Leaving out the pictures, write out exactly each line from the line with "西院伽藍の東側に位置する建物" through the close of the listing below.

***

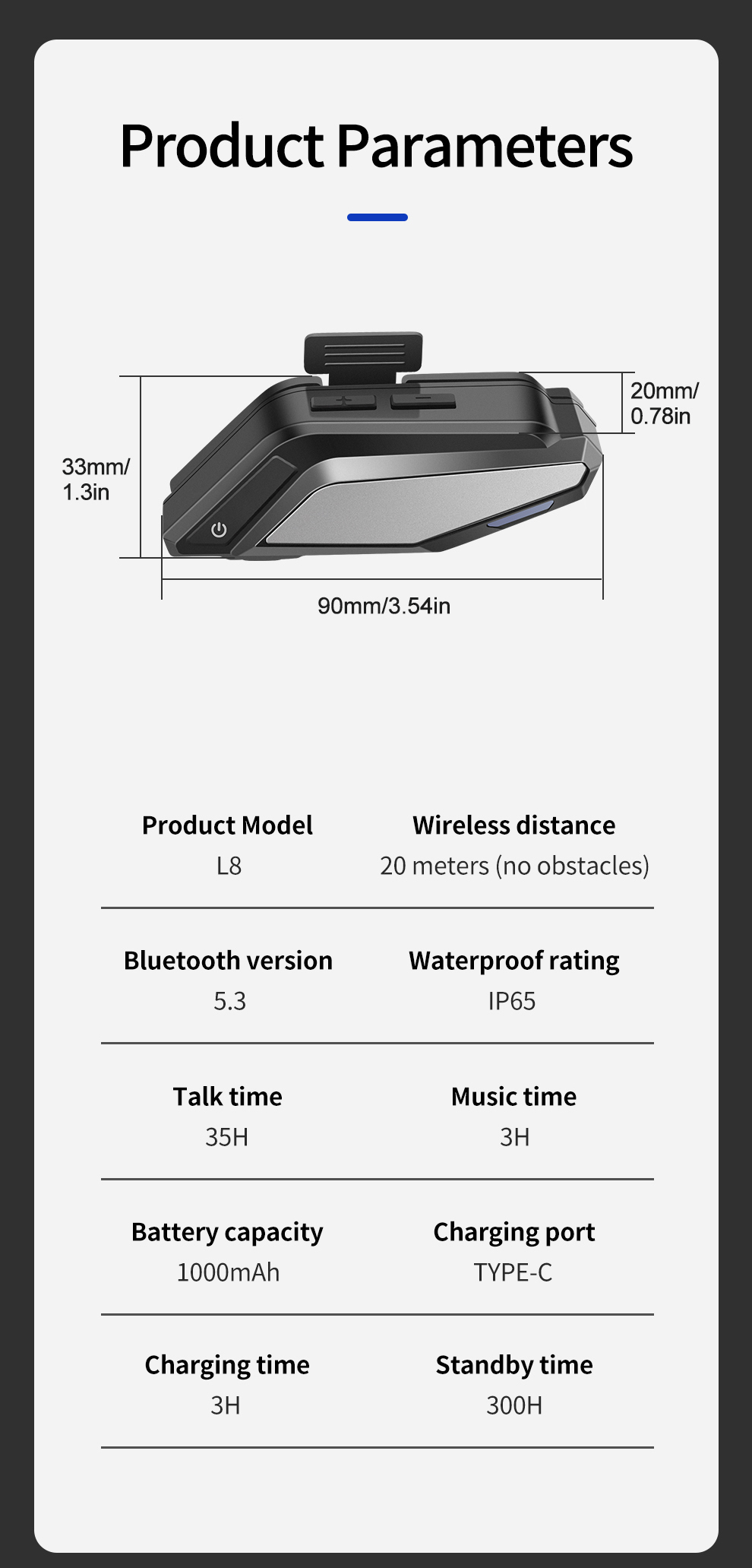 Helmet Headset L8(1000mAh)
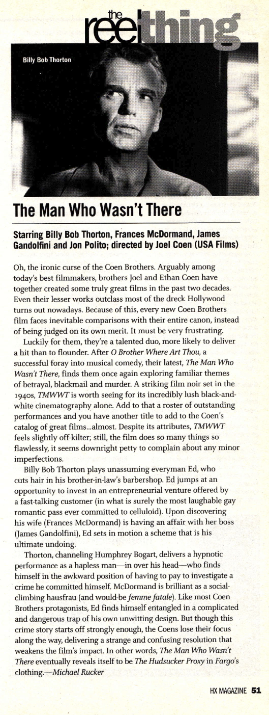 Luckily for them, they’re a talented duo, more likely to deliver a hit than to flounder. After a successful foray into musical comedy, their latest, The Man Who Wasn’t There, finds them once again exploring familiar themes of betrayal, blackmail and murder. A striking film noir set in the 1940’s, TMWWT is worth seeing for its incredibly lush black-and-white cinematography alone. Add to that a roster of outstanding performances and you have another title to add to the Coen’s catalog of great films…almost. Despite its attributes, TMWWT feels slightly off-kilter – slightly too bizarre, a tad too boring. Still, the film does so many things so flawlessly it seems downright petty to complain about any minor imperfections.
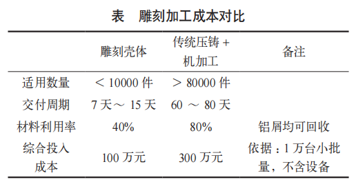 传统模具加工毛坯是异形壳体大批量生产的主流工艺,但在小批量、定制化的前景下,模具开发的周期及固定成本分摊极高,根据以往经验,传统模具加工制造周期60天左右,开发成本100万元左右(根据产品确定),一次性投入模具寿命8万元/套。小批量雕刻时,其单件成本对比传统加工可降低50%以上,投资后1.6年即可回收成本。同时雕刻壳体可一周内出产品,如图3所示。满足市场变化的开发需求。成本对比见表。
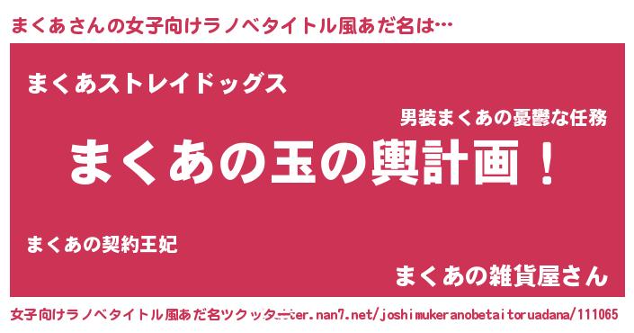 | 男性向けラノベタイトル風あだ名 | 『まくあ~年齢イコール彼女いない歴の魔法使い~』 |
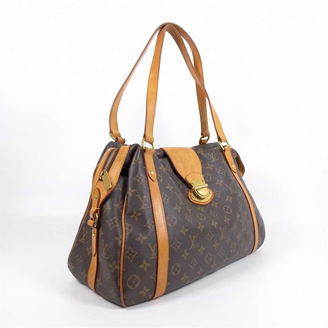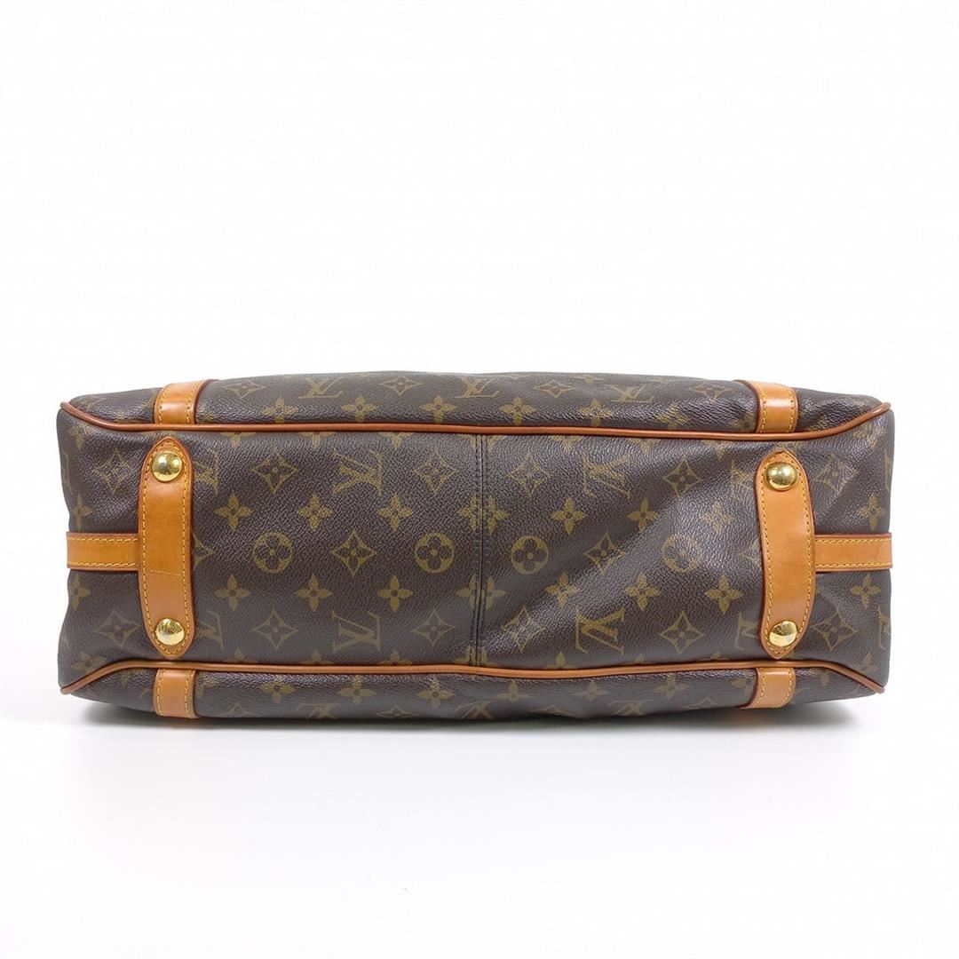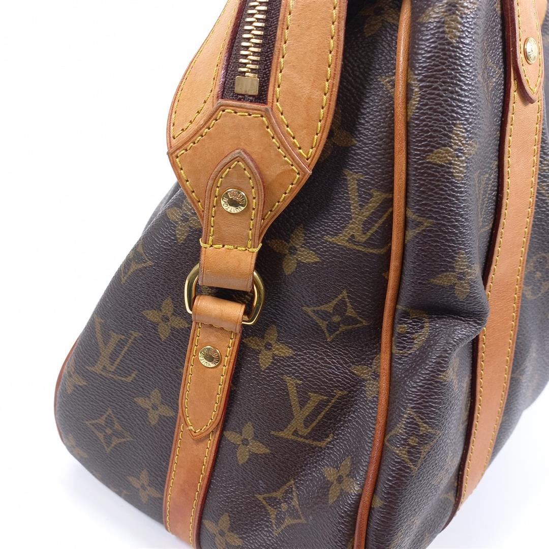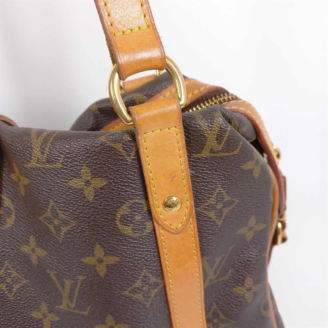 Brown and tan monogram coated canvas Louis Vuitton Stresa PM with gold-tone hardware, tan vachetta leather trim, dual flat shoulder straps, brown canvas lining, dual interior slit pockets and zip closure at top featuring additional push-lock closure at fr
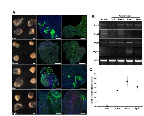 Fig. S3. Formation of satellite cells in animal caps. (A) Animal caps injected with mRNA for the indicated genes after 5 days in culture. Control animal caps generate muscle fibers (Myosin, green) but do not show formation of Pax7-positive cells (red). However, animal caps expressing Bmp4, Msx1 or Fgf8 produce numerous Pax7-positive cells. (B) RT-PCR analysis of day 5 animal caps. Animal caps expressing Bmp4, Msx1 or Fgf8 show an increase in Pax7 expression compared with control. (C) Summary chart showing the mean number of satellite cells formed in animal caps after Bmp4, Msx1 or Fgf8 expression. Scale bars: 200 . Eight animal caps per treatment were sectioned for the cell counting and three per treatment for the RT-PCR analysis.
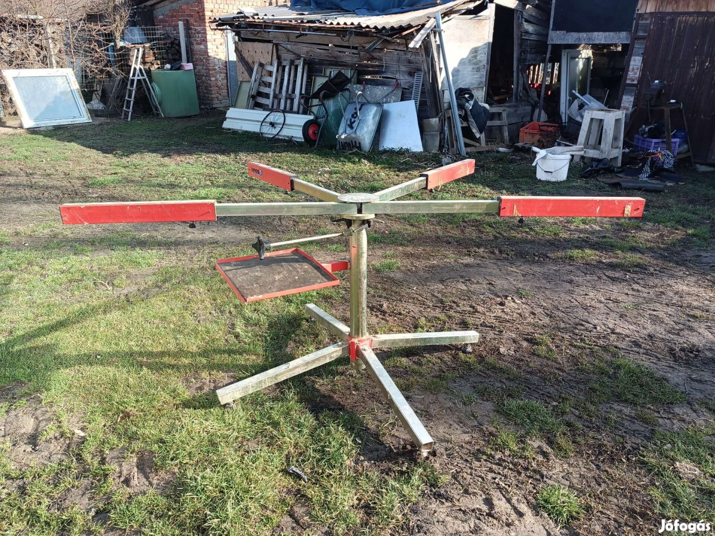 Jó állapotú állvány,sok féle felhasználási területtel.Stabil,nagy teherbirású,forgatható,kihuzható karok.2db ra suedhető.254cm a karok hossza,maximális állásba.Postán maradó szállítás megoldható.számlával
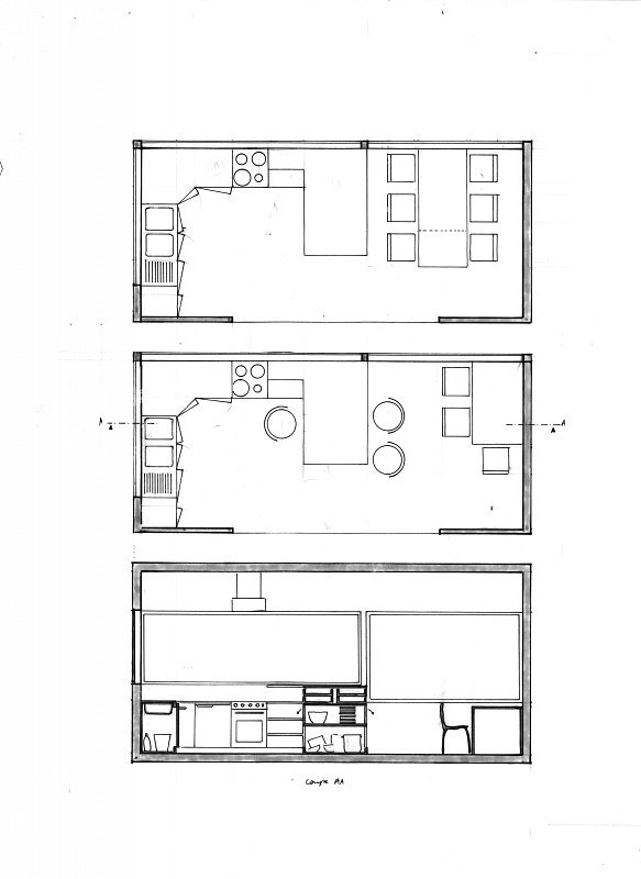 Dessin d'usage de cuisine réalisé avant le projet de maison-pliage.
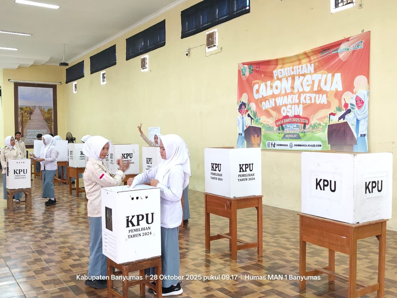 Banyumas, Humas — Semangat demokrasi kembali bergema di Aula Gelora Prestasi MAN 1 Banyumas. Pada hari Selasa, 28 Oktober 2025, seluruh peserta didik kelas X, XI, dan XII berpartisipasi dalam Pemilihan Ketua dan Wakil Ketua Organisasi Siswa Intra Madrasah (OSIM) yang digelar secara LUBER (Langsung, Umum, Bebas, dan Rahasia).
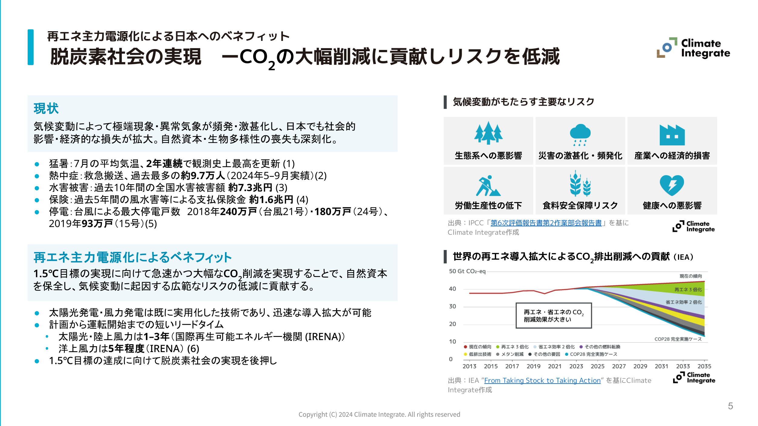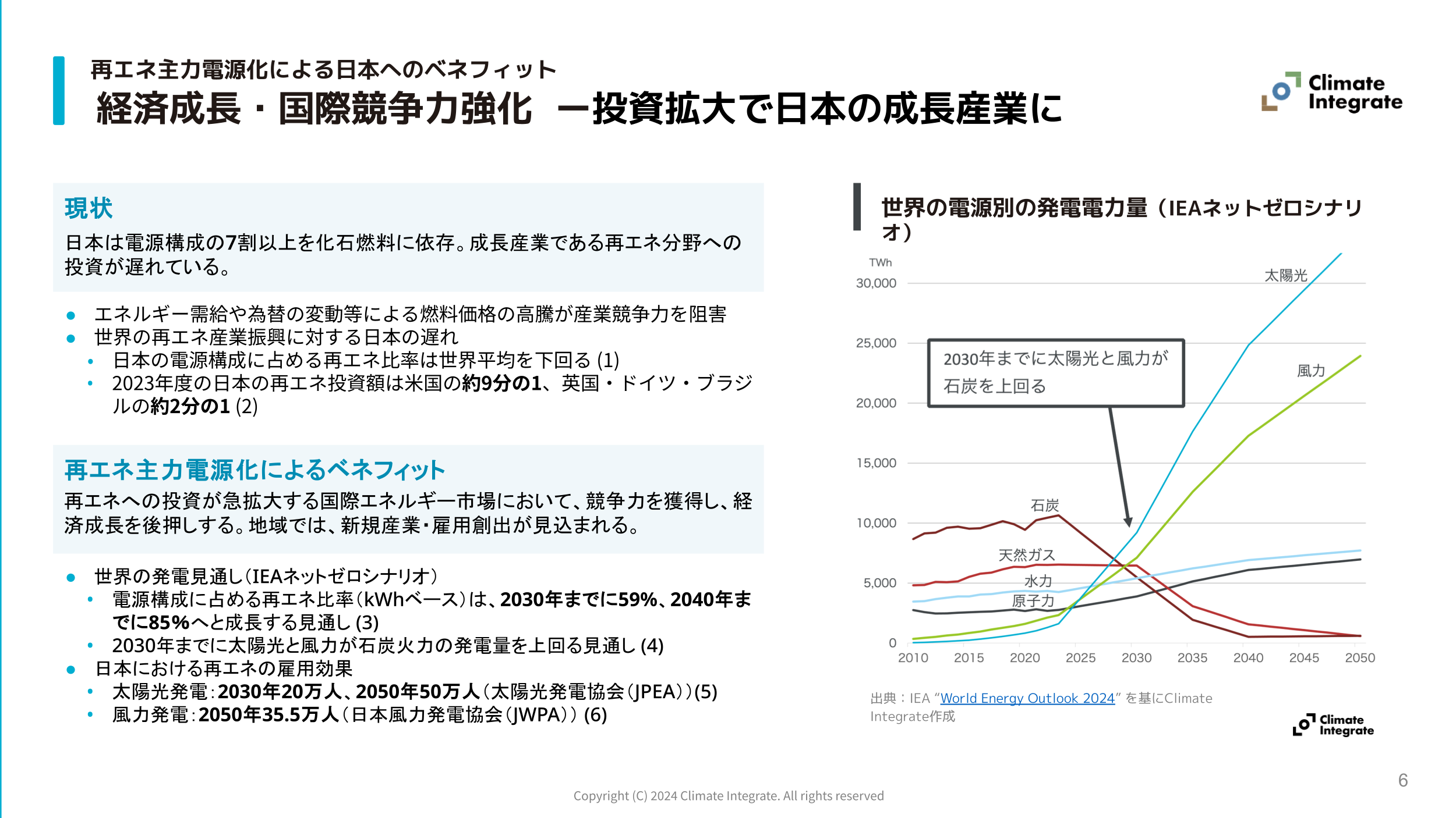 政府は再生可能エネルギー主力電源化を方針に掲げていますが、日本が再生可能エネルギーの利用を大きく進めることにより、国益・経済・地域・暮らしなどにどのような影響や意義があるのでしょうか。再エネ主力電源化を巡る論点として、再エネ供給力拡大の強みと、再エネ主力電源化のベネフィットをとりまとめました。
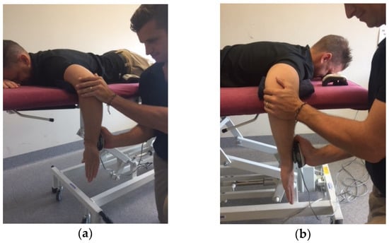 - Holt, K.L.; Raper, D.P.; Boettcher, C.E.; Waddington, G.S.; Drew, M.K. Hand-held dynamometry strength measures for internal and external rotation demonstrate superior reliability, lower minimal detectable change and higher correlation to isokinetic dynamometry than externally-fixed dynamometry of the shoulder. Phys. Ther. Sport 2016, 21, 75–81. [Google Scholar] [CrossRef] [PubMed]
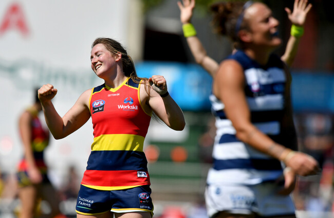 Ailish Considine of the Adelaide Crows reacts on the final siren following the Round 3 AFLW match between the Crows and the Geelong Cats in February. AAP/PA Images
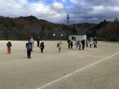 早く運動場に出てきた子たちは、静かに待っています。
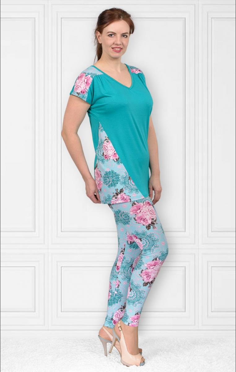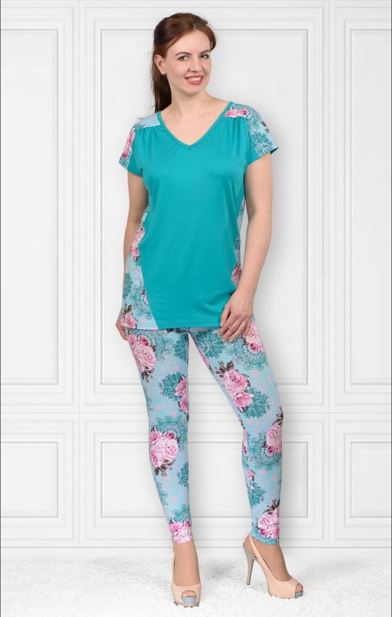 Уют и стиль в одном комплекте! Этот женский домашний костюм из вискозы сочетает в себе комфорт и элегантность. Блуза выполнена в комбинации гладкокрашенной вискозы и набивной ткани, что придаёт ей оригинальности и шарма. Легинсы, украшенные ярким floral-рисунком, идеально дополняют образ и обеспечивают свободу движения.
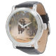 Uhr, Vintage Männeruhr mit schwarzem Lederarmband
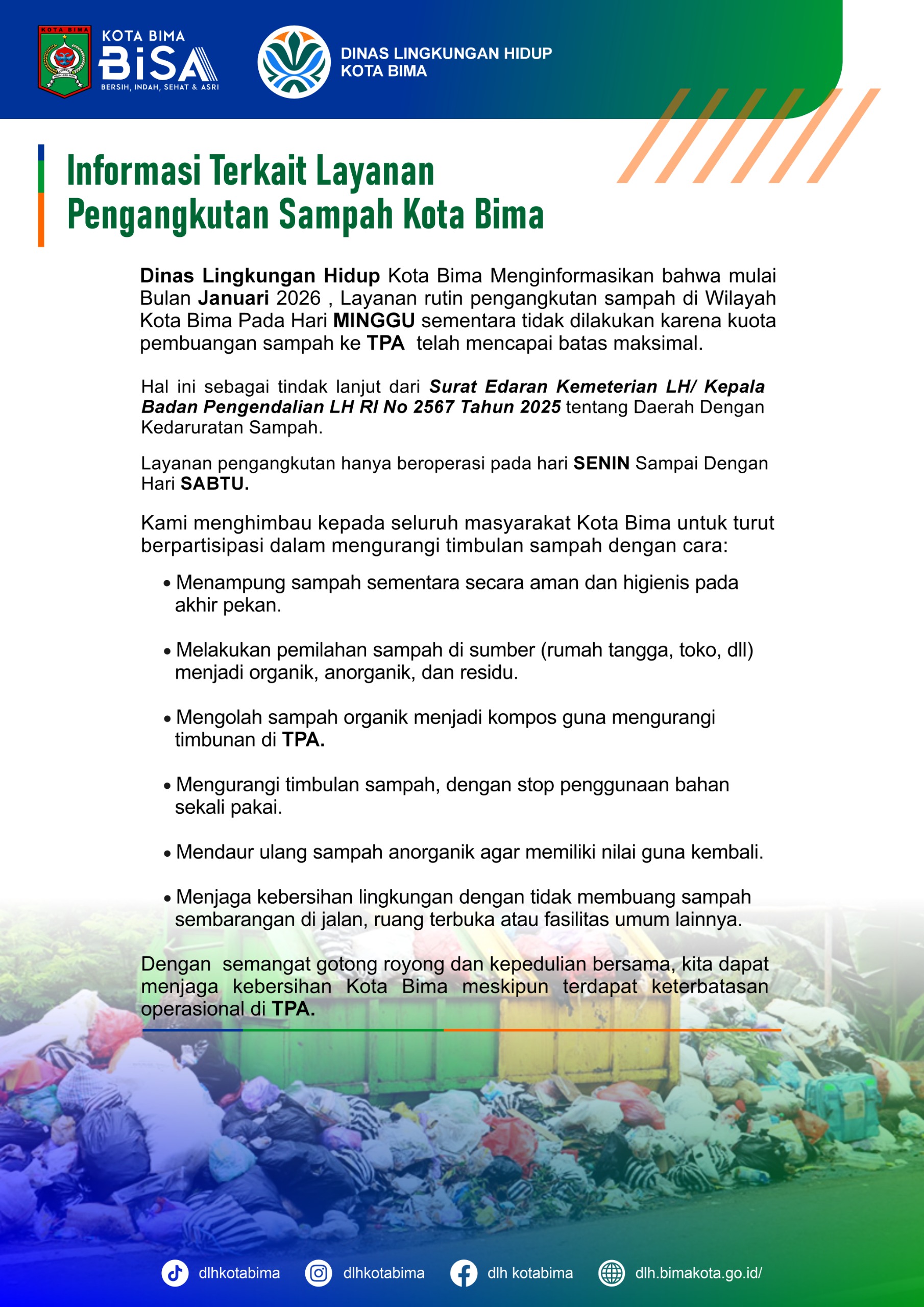 Informasi Layanan Pengangkutan Persampahan Kota Bima
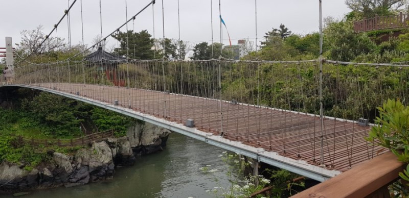용연 구름다리를 건너 주변 하천 절벽이 볼거리다.
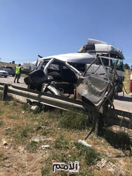 وفاتان و 4 اصابات بتصادم مركبة شحن وحافلة على طريق ارحاب
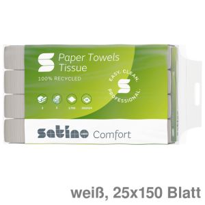 10. Satino Papierhandtücher "Comfort", Recyclingpapier Z-Falz weiß 20,6 x 24 cm 25x150Bl.
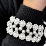 Be the first to review “Floral rubber bracelet studded with small pearls”
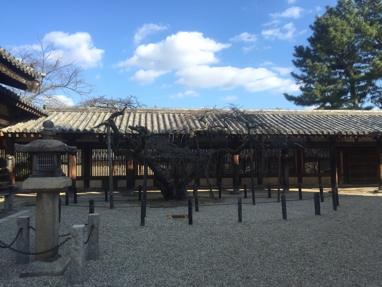 西院伽藍の東側に位置する建物で、法隆寺に住んでいるお坊さんが生活していた場所です。南北に細長い形をしています。この場所も国宝に指定されており、お坊さんが住んでいた場所でさえもそのような扱いを受けていることに法隆寺のすごさを感じました。
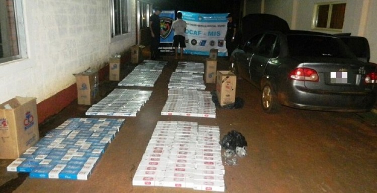 El automovilista transportaba ocho cajas grandes de cigarrillos marca Eight, Classic y 51, todo sin aval aduanero.

***

» **COMPLETED EXERCISE**
 西院伽藍の東側に位置する建物で、法隆寺に住んでいるお坊さんが生活していた場所です。南北に細長い形をしています。この場所も国宝に指定されており、お坊さんが住んでいた場所でさえもそのような扱いを受けていることに法隆寺のすごさを感じました。
 El automovilista transportaba ocho cajas grandes de cigarrillos marca Eight, Classic y 51, todo sin aval aduanero.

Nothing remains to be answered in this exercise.